◆ ACTIVITY
In the answer, each line from the top of the material through the line that contains "资料图片:2009年2月8日" is restated exactly. No picture is given again.

◆ RECORDS SUPPLIED
● ● ● ●

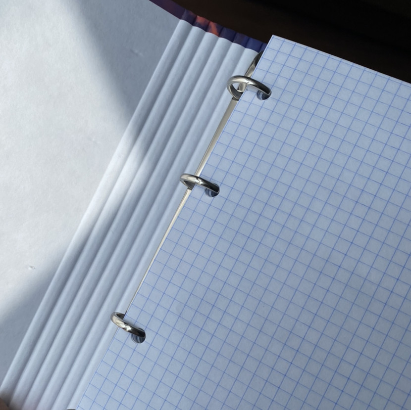 Хорошая тетрадь - красива обложка, крепкий механизм. Есть особенность расположения крепления оно чуть смещено с центра, и поэтому нужны листы по размеру чуть меньше, чем А5. Иначе торчат края.
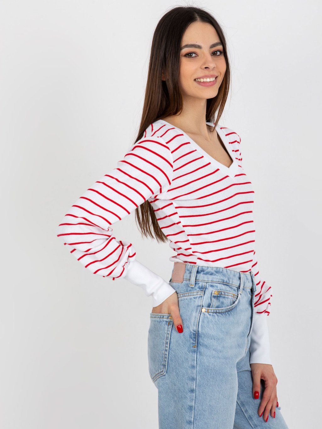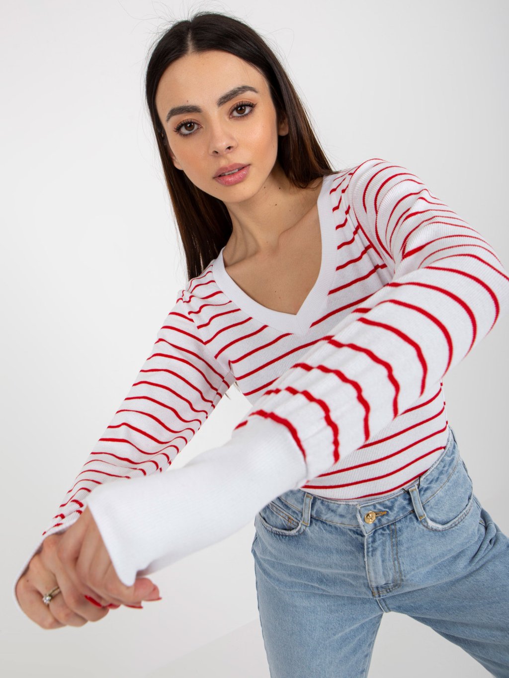 Fehér-piros csíkos póló  hosszú ujjal (Méret S/M)
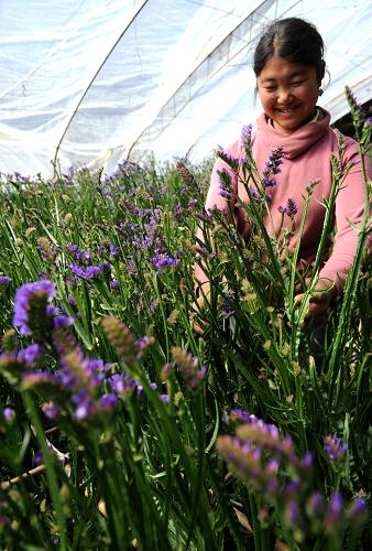 资料图片:2009年2月8日,西藏堆龙德庆县岗德林蔬菜种植农民专业合作社藏族妇女卓嘎在查看花卉生长情况。成立于2004年底的西藏堆龙德庆县岗德林蔬菜种植农民专业合作社,除了种植蔬菜外,大力推广花卉种植,并从2008年底开始出口到尼泊尔,目前已出口牡丹、康乃馨、勿忘我等花卉15万多支。去年,参加合作社的235户农民通过种植蔬菜、花卉,平均每户获得12500元的收入。
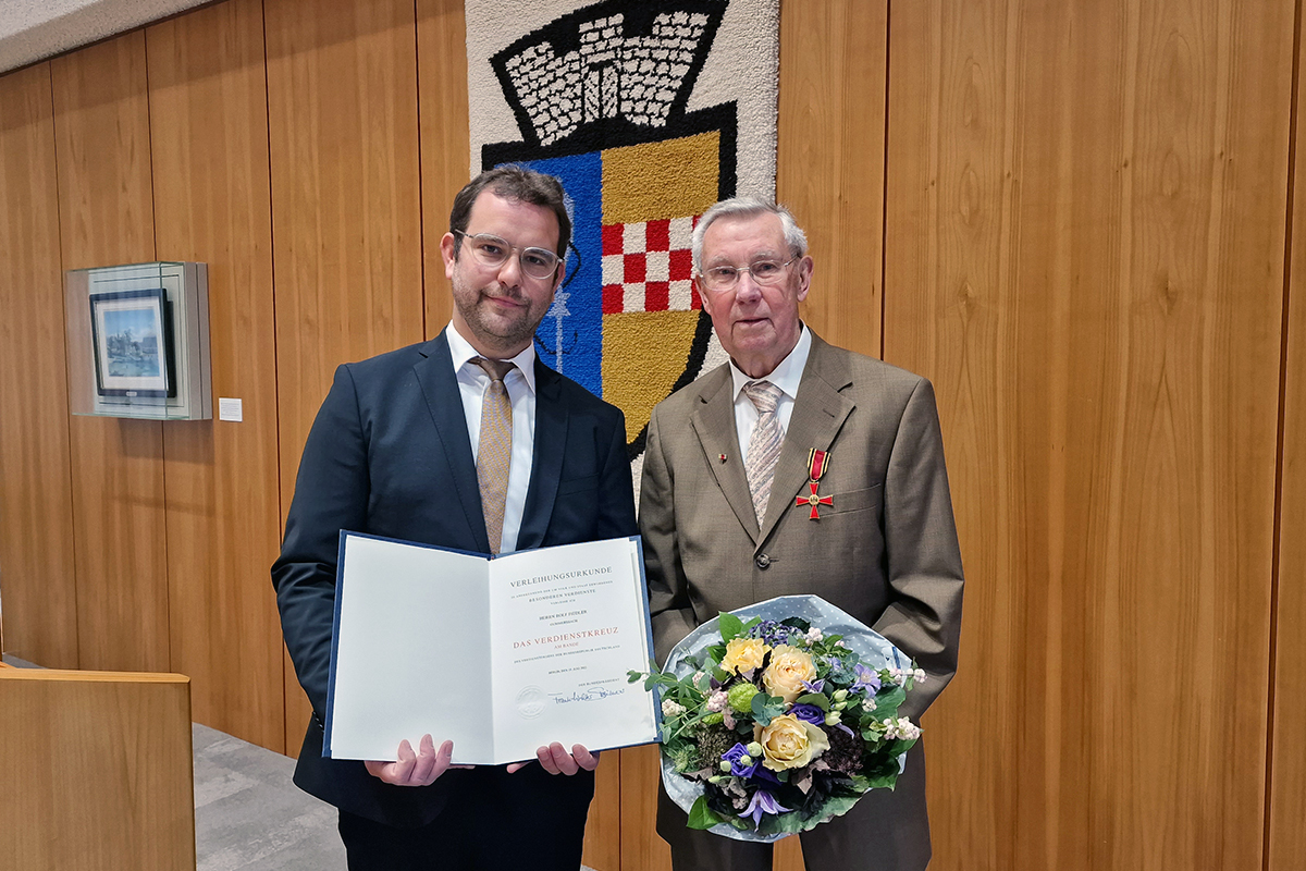 Rolf Fiedler hat am heutigen Samstagvormittag das Bundesverdienstkreuz am Bande erhalten. Der stellvertretende Landrat Tobias Schneider verlieh ihm in Vertretung des erkrankten Landrats Jochen Hagt die Auszeichnung drei Tage vor seinem 86. Geburtstag im Rahmen einer Feierstunde im Ratssaal des Gummersbacher Rathaus. Der Gummersbacher hat durch sein jahrzehntelanges Engagement Verdienste im sportlichen Bereich erworben.
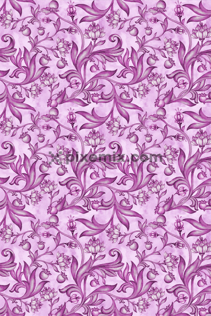 Monochrome artistic floral & leaves product graphic with seamless repeat pattern
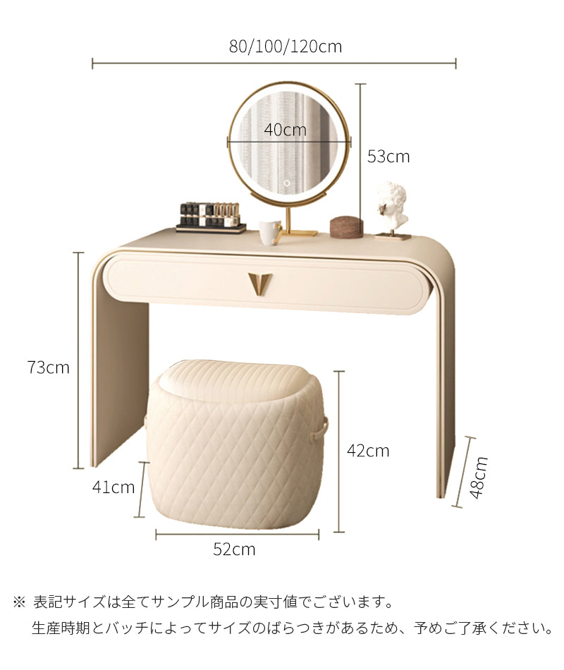 引き出し2つ付きのシンプルなドレッサーセットはシリコンスキンラップ、サイドキャビネット、鏡とスツールが含まれており、寝室、リビングルームに最適です。

● ● ● ●

◆ ANSWER TO THIS PROBLEM
 Хорошая тетрадь - красива обложка, крепкий механизм. Есть особенность расположения крепления оно чуть смещено с центра, и поэтому нужны листы по размеру чуть меньше, чем А5. Иначе торчат края.
 Fehér-piros csíkos póló  hosszú ujjal (Méret S/M)
 资料图片:2009年2月8日,西藏堆龙德庆县岗德林蔬菜种植农民专业合作社藏族妇女卓嘎在查看花卉生长情况。成立于2004年底的西藏堆龙德庆县岗德林蔬菜种植农民专业合作社,除了种植蔬菜外,大力推广花卉种植,并从2008年底开始出口到尼泊尔,目前已出口牡丹、康乃馨、勿忘我等花卉15万多支。去年,参加合作社的235户农民通过种植蔬菜、花卉,平均每户获得12500元的收入。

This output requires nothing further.